Mr. Speaker, my colleague is very kind, and we thank him for all his generosity, but it is absolutely abhorrent to hear such a speech, particularly his comparisons of how things are in other places in the world, how we have a decent share of the decisions that have to be made. What we want is not a share, but 100% of decision-making, shaped by the needs of Quebeckers and not by the needs of Toronto and the rest of Canada. We will not have anything to do with that. That is what sovereignty is all about.
How is it that Canadian sovereignty is so important, yet when we raise the issue of Quebec sovereignty, we hear “You know, there are arrangements”. That is not true. Any time a consensus was reached in Quebec, it has been a real grind to obtain anything. Things never change.
We do not want just part of the decision; we want to make the entire decision. Take the example of our faculty of veterinary medicine. How is it that all four other faculties of veterinary medicine in Canada are fully accredited, and the only one with just partial accreditation is the one in Saint-Hyacinthe. The only francophone veterinary medicine faculty in North America is in Quebec, in Saint-Hyacinthe, and the Liberal government is still thinking about whether or not to give it the $25 million it needs to get full accreditation back.
And what about parental leave, how long has that been under discussion?

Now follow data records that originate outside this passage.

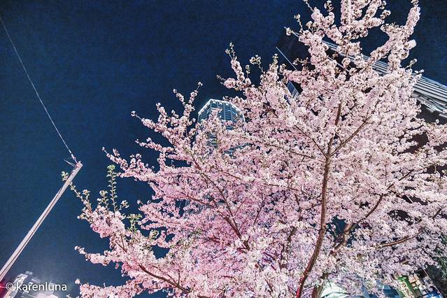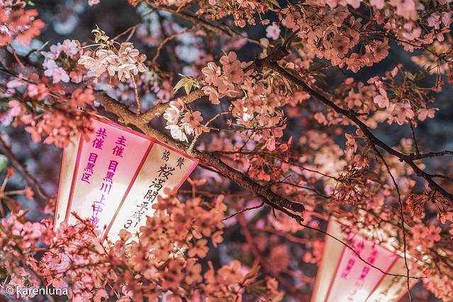 可能是周六的缘故,虽然还是上午那个熟悉的地铁口,但傍晚的这里却已经变得人头攒动。还没到目的地,通往目黑川水渠边的路就已经变得水泄不通,热闹程度绝对不亚于 中国 每年春节的庙会,用“人比樱花还多”做比喻,真是再贴切不了了!如果早上是在赏樱花,那么夜晚就是在看人吧。突然有点儿后悔,为什么刚刚在石神井川没有等到亮灯为止呢,同样是夜樱、同样是枝头满簇延伸到河面的满开圣况,但一个是鲜有游客,而另一个则是熙熙攘攘热闹非凡,想要拍张没有路人的樱花美景,还要排队等很久才能挤进里三层外三层的游客,夜樱人像美照可以说是天方夜谭了,与白天的体验感真是天壤之别!
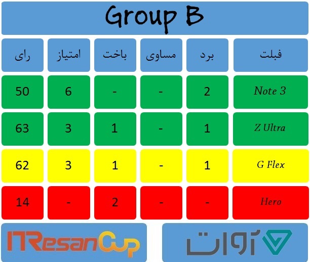 در نخستین بازی از دور دوم رقابتهای این گروه که از حساسیت بالایی برخوردار بود؛ گلکسی نوت3 از سامسونگ بالاخره توانست در نبردی دشوار اکسپریا زد اولترای سونی را شکست دهد! این رقابت ابتدا با حملات طوفانی زد اولترا آغاز شد و در همان لحظات ابتدایی نماینده سونی توانست با اختلافی بیش از 30 درصدی در کسب آرا، از رقیب خود پیشی بگیرد اما طرفداران سامسونگ با دیدن این صحنه به خود آمدند و توانستند با حداقل اختلاف (کمتر از یک درصد) بازی را به سود خود به پایان برسانند.
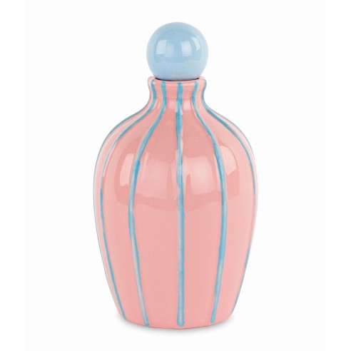 Bomboniera bottiglia olio porcellana colore Rosa con righe azzurre D 9,5 x h 16,5 cm 400 ml con scatola art 29759
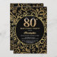 80th Birthday Black and Gold Floral Pattern Invitation
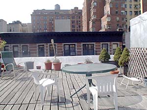 One flight up from the apartment, and for the exclusive use of the occupants of the apartment, is a glorious roof deck with a magnificent view overlooking the Hudson River, New Jersey and the Manhattan skyline-truly a unique rooftop paradise.
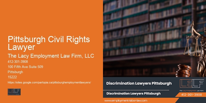 Why settle for justice in the courtroom alone when The Lacy Employment Law Firm, LLC extends its advocacy efforts beyond, championing employee rights in the wider community? In the bustling steel city of Pittsburgh Civil Rights Lawyer, The Lacy Employment Law Firm stands as a lighthouse, guiding workers through the stormy seas of employment disputes. Take, for example, Sarah, who faced workplace discrimination that seemed insurmountable. Learn more about Pittsburgh Civil Rights Lawyer here We also encourage you to explore our website, www.lacylegal.com, for more information on our services, team, and the resources we provide.
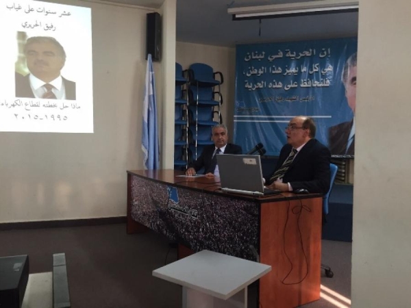 ثم تحدث عكاوي مستحضرا المراحل التي مر بها قطاع الكهرباء في لبنان وقال: عندما اتى الرئيس الشهيد رفيق الحريري وألف اول حكومة كان وضع الكهرباء جدا مهترىء فبدأ بخطة سريعة لتأهيل قطاع الكهرباء ووضع حوالي 600 ميغاوات في غضون ستة اشهر، وفي العام 96 اصبحت التغذية بالكهرباء 24 على 24 وخصوصا في بيروت .. وبعد خطط التأهيل السريعة ، انتقل الرئيس الشهيد الى وضع خطته الكاملة للكهرباء والتي كان يفترض ان تمتد من العام 1996 الى 2015 ، ولكن كما تعلمون بدأت عرقلة تنفيذ الخطة في العام 99 وكلنا نعرف لماذا؟..فخطة رفيق الحريري كان تعتمد على اشراك القطاع الخاص في بناء معامل انتاج لانه يعرف انه كان هناك فساد مستشري في هذا القطاع ، وقانون اشراك القطاع الخاص كان يفترض ان يقر في المجلس النيابي في 1-1 -1998 وتأخر لأسباب سياسية فاقر في سنة 2002 ولكنه لم ينفذ ..خطة رفيق الحريري كانت تقضي بوضع 3600 ميغاوات على الشبكة بنهاية العام 2015 ، منها حوالي 900 ميغاوات انتاج اضافي او احتياط ..
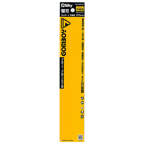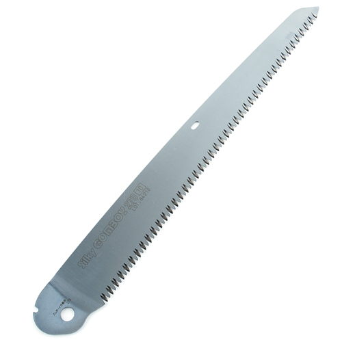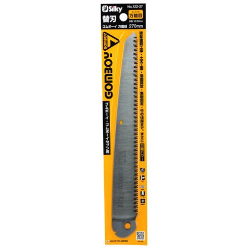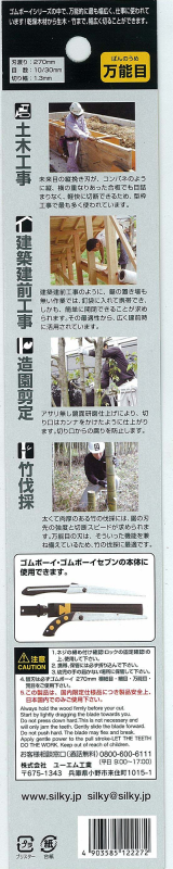 ●刃長:270mm(万能目)。●目数(30mm):10枚目。●刃厚:1.4mm。●切幅:1.3mm。●全長:300mm。●重量:65g。●アサリ無し・衝撃焼入・未来目。●ハードクロームメッキ。
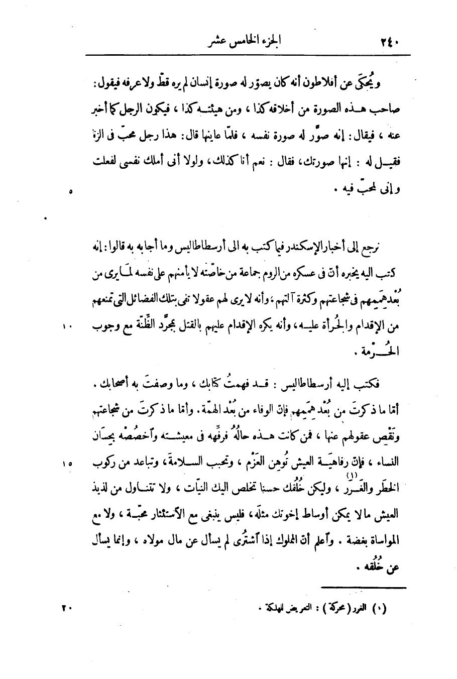 نرجع إلى أخبار الإسكندر فيما كتب به الى أرسطاطاليس وما أجابه به قالوا: إنه كتب اليه يخبره أنّ فى عسكره من الروم جماعة من خاصّته لا يأمنهم على نفسه لما يرى من بعدهممهم فى شجاعتهم وكثرة آلتهم، وأنه لا يرى لهم عقولا تفى بتلك الفضائل التى تمنعهم من الإقدام والجرأة عليه، وأنه يكره الإقدام عليهم بالقتل بمجرّد الظّنّة مع وجوب الحرمة.
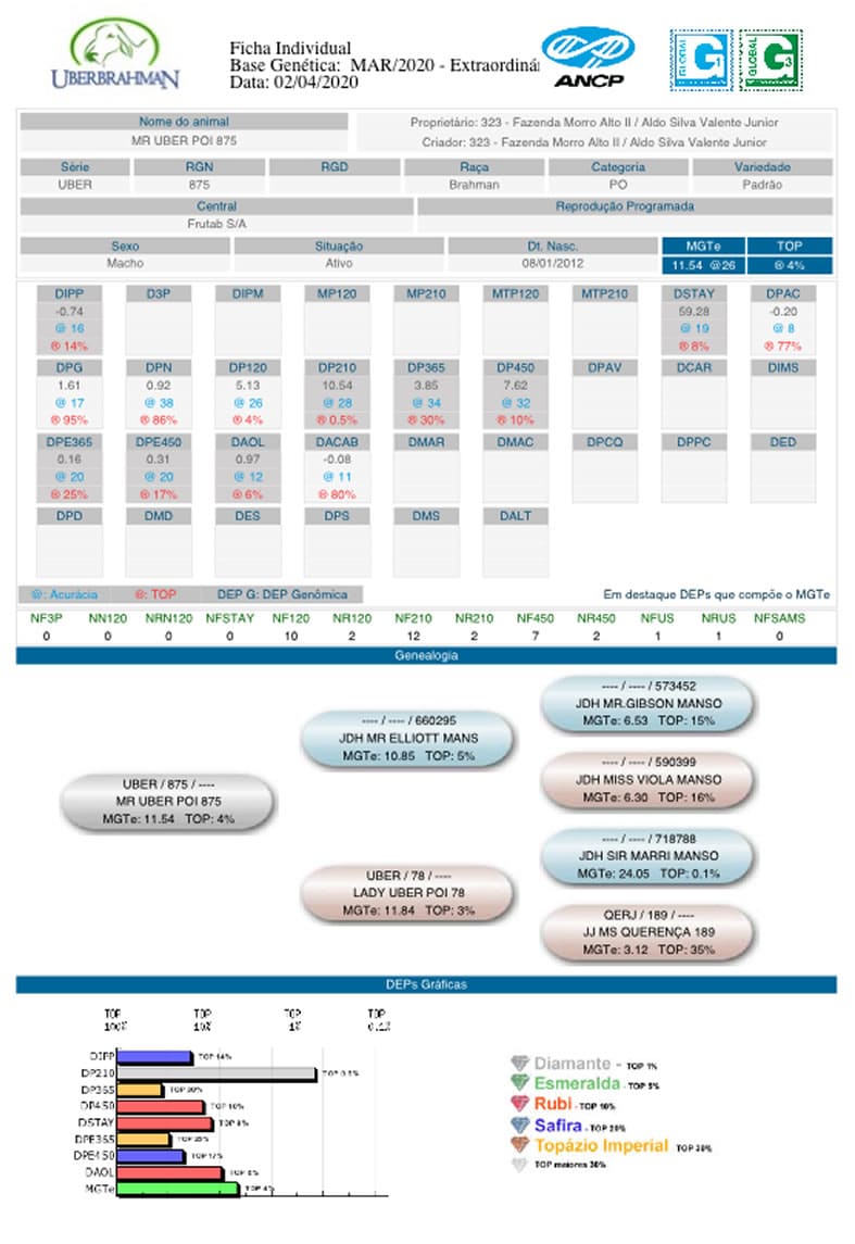 - Mr UBER POI 875 es Élite en Prueba de Desempeño ABCZ / UberBrahman y Superior en Prueba de Eficiencia Alimenticia.
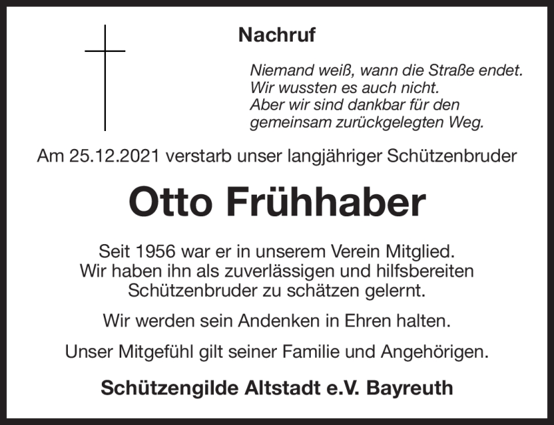 Hier finden Sie alle Traueranzeigen aus der Zeitung, die bisher für Otto Frühhaber erschienen sind. Weitere Traueranzeigen, die in der Zeitung erscheinen, werden hier ebenfalls aufgelistet
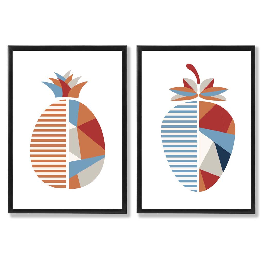 Experience the vibrant colours and bold geometry of our Blue and Orange Geometric Strawberry and Pineapple Fruit Art Prints. With this set of 2 prints, you can add a delicious touch of style to your home.
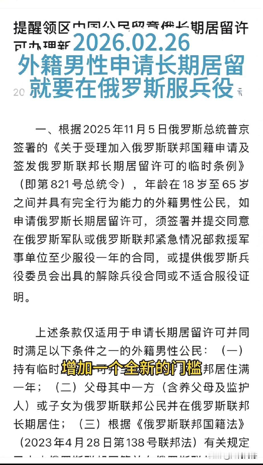想娶俄罗斯美女,并且想在俄罗斯长期居住的哥们,现在需要注意了,从2026年起,对于满足相关条件的、在俄罗斯长期居住的外籍男人,按照俄罗斯的有关规定,需要服兵役了,虽然俄罗斯美女确实漂亮,在俄罗斯生活也很舒适,但是如果服兵役的话,懂的人都懂,这意味着什么,就不用多说了!
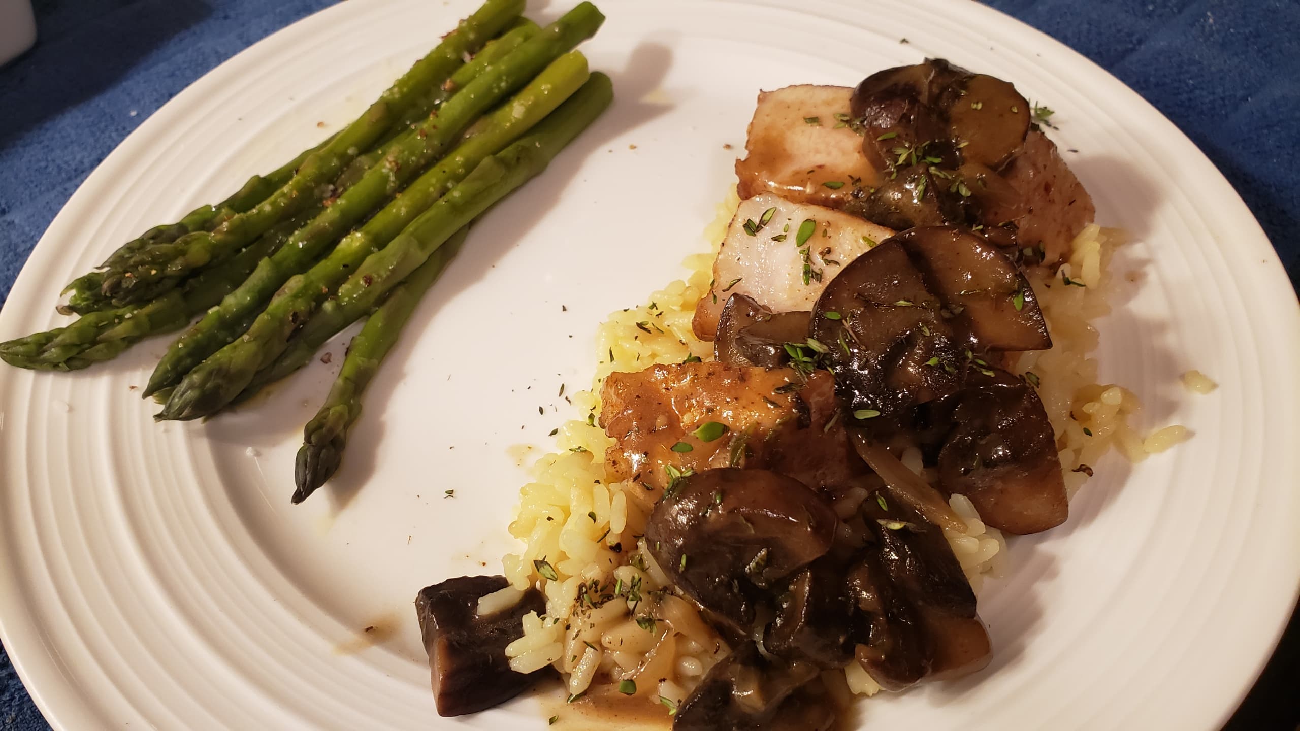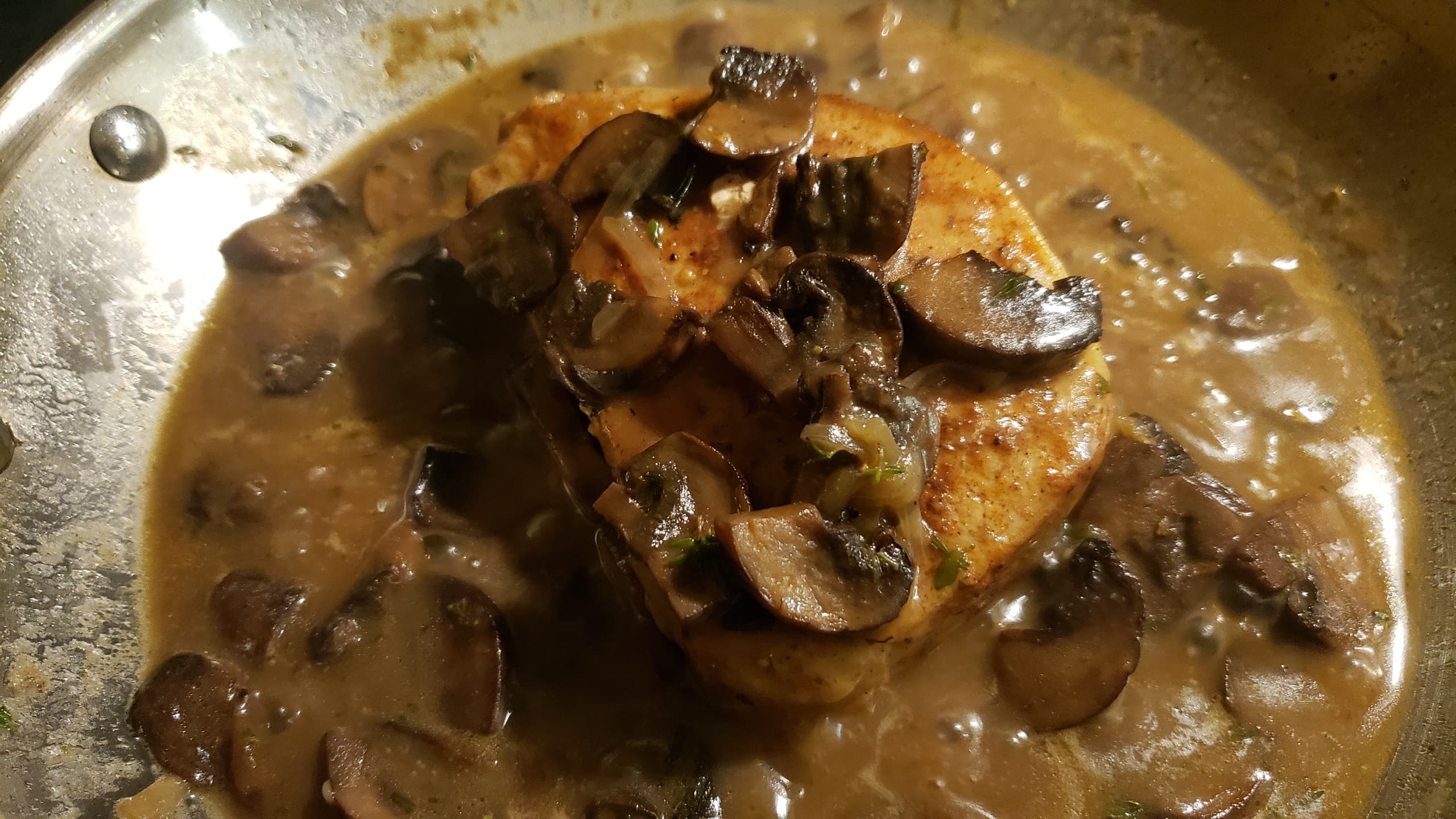 Sautéed more, then added 2 tsp roasted garlic, 1 tsp Dijon mustard and 1/2 tsp freshly minced thyme. Stirred it all in. Added just under 1 cup of mushroom stock (from a half cube) and let it simmer and reduce, adding a flour slurry to slightly thicken the sauce. Put the chop back in, covered. And finished cooking.
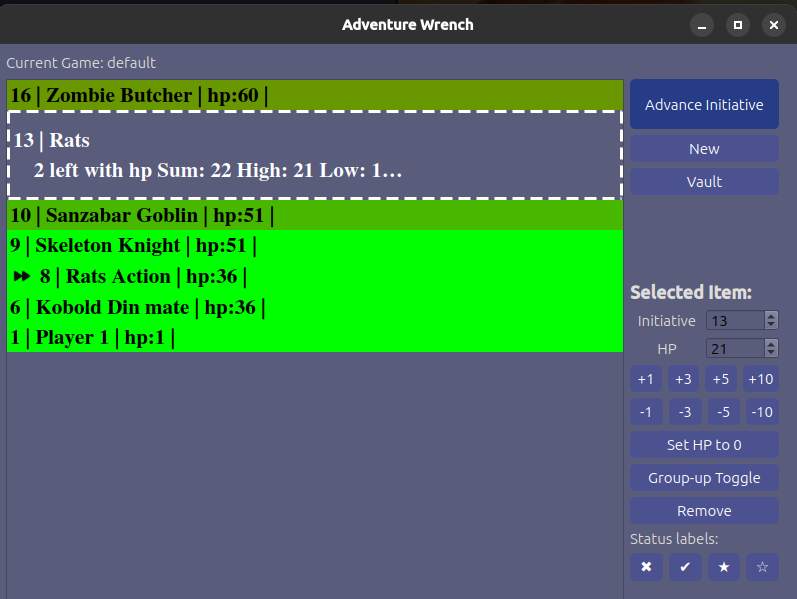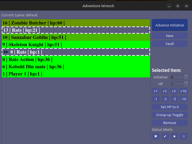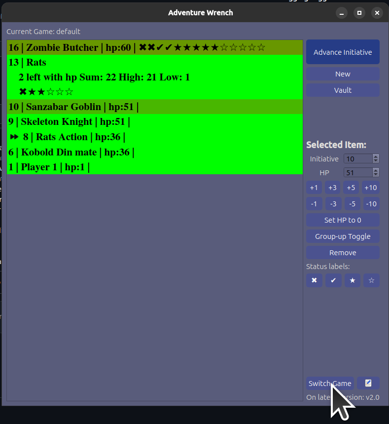 Notice how the turn order indicator. The >> arrows stayed in the right position? Neat. The Group-Up button only works on things with the same name, and it does smash stat-sheets together. So just be aware making heavy use of this feature may erase or change data in the stat blocks if you have been modifying them.
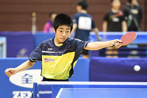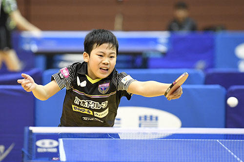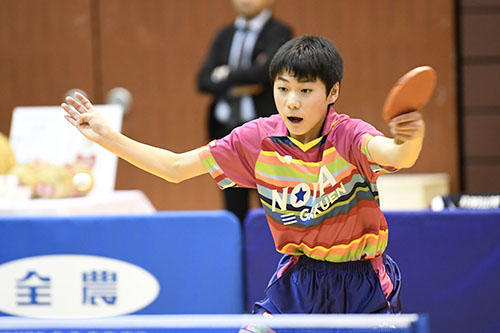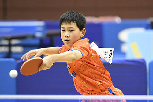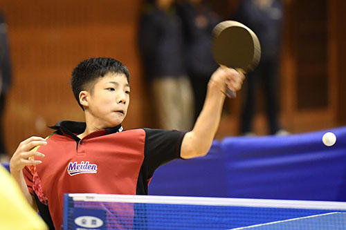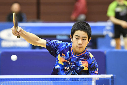 2位にはサウスポーの芝拓人(野田学園中)が入った。決勝の松島戦は高速のバックハンド戦になり、先にストレートを突く戦術で見せ場をつくったが、最後は松島の精度の高いバックハンドと気迫に振り切られた。
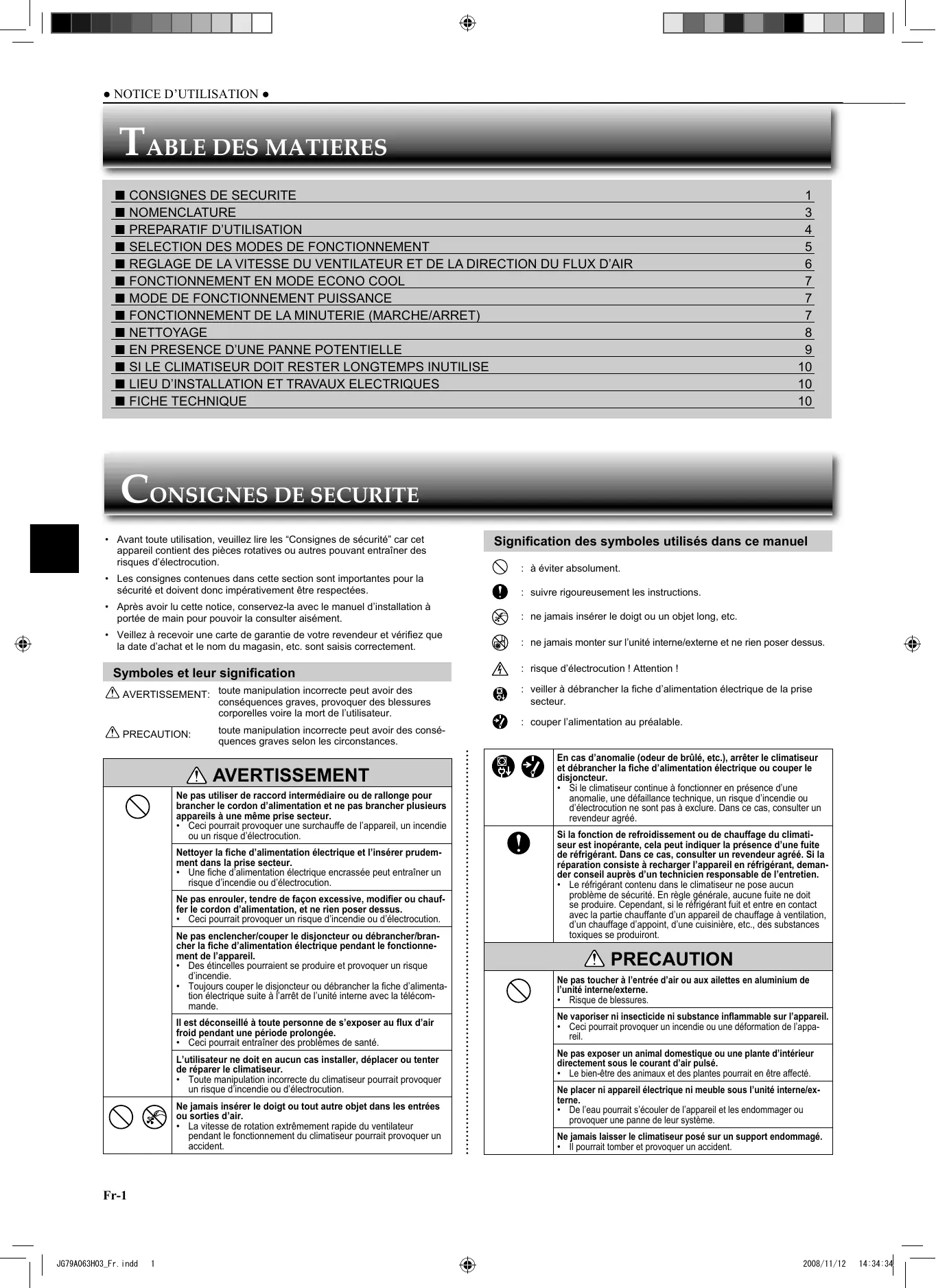 - Pour avoir la certitude d’utiliser cet appareil correctement et en toute sécurité, veuillez lire cette notice d’instructions avant de mettre le climatiseur sous tension. Français 2008/11/12 14:30:28
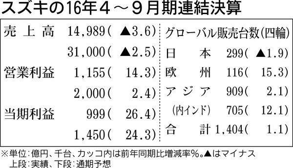 スズキは4日、2017年3月期通期の利益見通しを上方修正して発表した。営業利益は従来予想の1800億円を2千億円に、当期純利益は930億円を1450億円にそれぞれ上方修正した。為替を円高方向に見直したものの、4~9月(上期)業績がインドや...
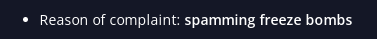 - Reason of complaint: spamming freeze bombs
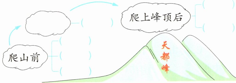 ①相互致谢 ②相互鼓励 ③山峰高陡 ④心生犹豫 ⑤奋力攀登 ⑥合影留念

How long have the discussions been going on with the federal government to find arrangements that are not hard to find, because the Employment Insurance Act allows us, for comparable programs such as parental leave, to transfer some hundreds of millions of dollars to Quebec to allow it to develop its own parental leave program?
Yet it was simple enough to invest $500 million into the Ontario automotive industry. They did not even have to make demands or to negotiate. In the full flush of the election campaign, the Ontario automotive industry gets given $500 million. We ask for similar treatment for the aerospace industry, concentrated mainly in Quebec. But no. We get peanuts. We get equalization payments.
All the structural spending goes to Ontario, while Quebec gets equalization payments. What a shameful thing to say. We have heard it from the lips of the Liberal MPs from Quebec, “You have equalization and Ontario has investments and jobs”. That is the current reality.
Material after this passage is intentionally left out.